I mostly agree (and use void* myself), but I don't 100% agree on the last point. There are a bunch of algorithms that are conceptually generic, but get a significant speed-up if type-specialized to certain types, mostly numeric ones. For example, I think STL's type-specializing sort is a pretty reasonable default, while C suffers from having only a non-type-specializing sort built in, which ends up much slower if you're sorting, say, an array of integers. Same with a bunch of machine-learning algorithms that work on generic comparable types, but work much faster if you type-specialize them to integer or double, the way C++ templates would do. That's the main use case I see those terrible C macro approaches used for.

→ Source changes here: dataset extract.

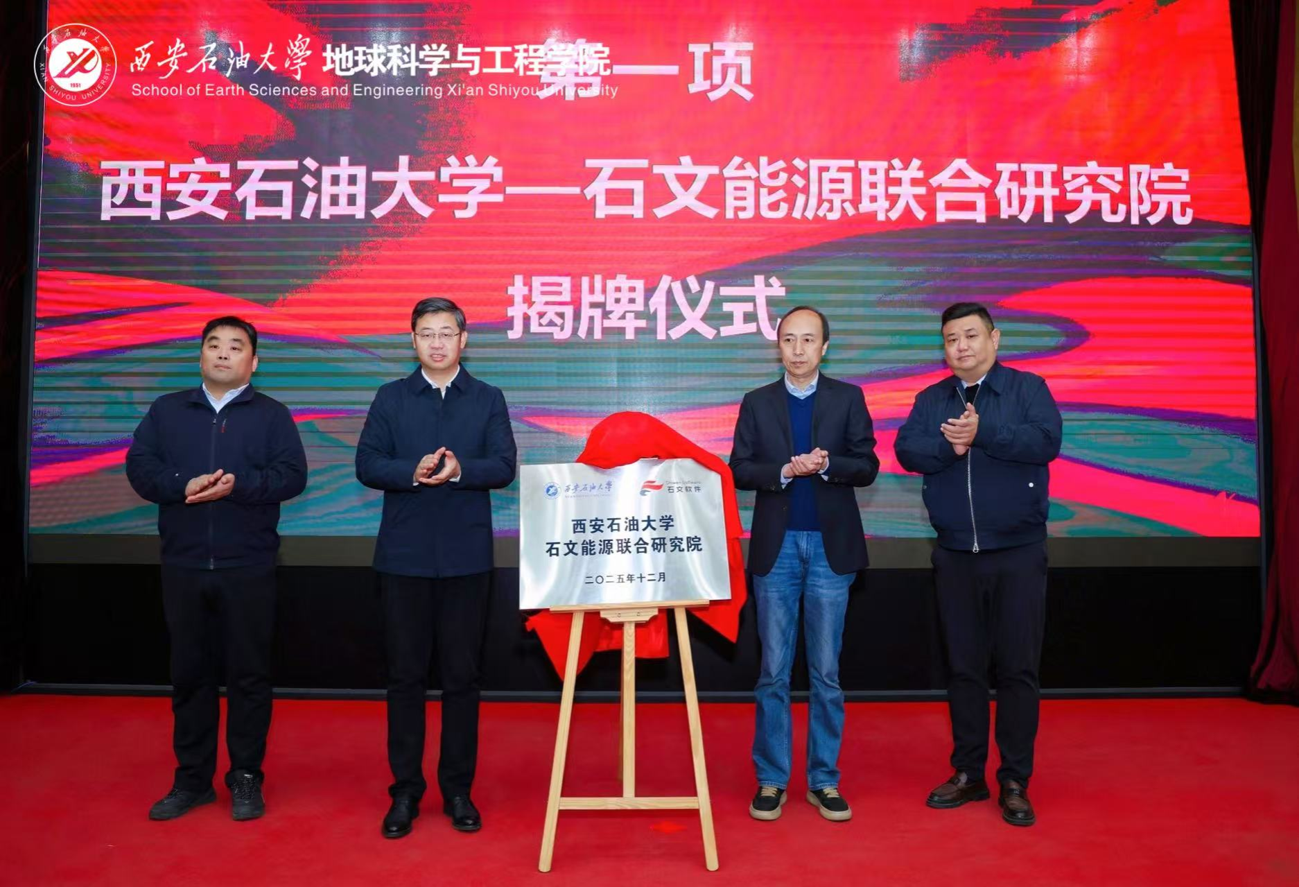共建平台,驱动产教融合走深走实。在前期充分沟通及校友工作与合作交流处的协调推动下,学院与西安石文软件有限公司已完成战略合作协议签署。会上,王进富与张小会共同为“beat365正版唯一官网—石文能源联合研究院”揭牌。该研究院的成立,是学院探索“院为实体”改革、打造产学研用一体化协同创新平台的关键一步。

An alternative I've seen is to actually generate the type-specialized variants ahead-of-time using some external templating or macro system, or even some hacked-up Perl script.
Fast atomic types support is indeed a good reason to do this sort of hackery - that's one of the reason why it is used in kernels. The difference of performance hashmap/vectors/sets between void* and int-specialized can be very significant (easily up to one order of magnitude if not more in some real cases).
I wished there was a language (not C++) which could help for this kind of things. Unfortunately, it becomes difficult very fast. One interesting approach is K as suggested by some FreeBSD hackers, but it never went into production AFAIK (http://wiki.freebsd.org/K)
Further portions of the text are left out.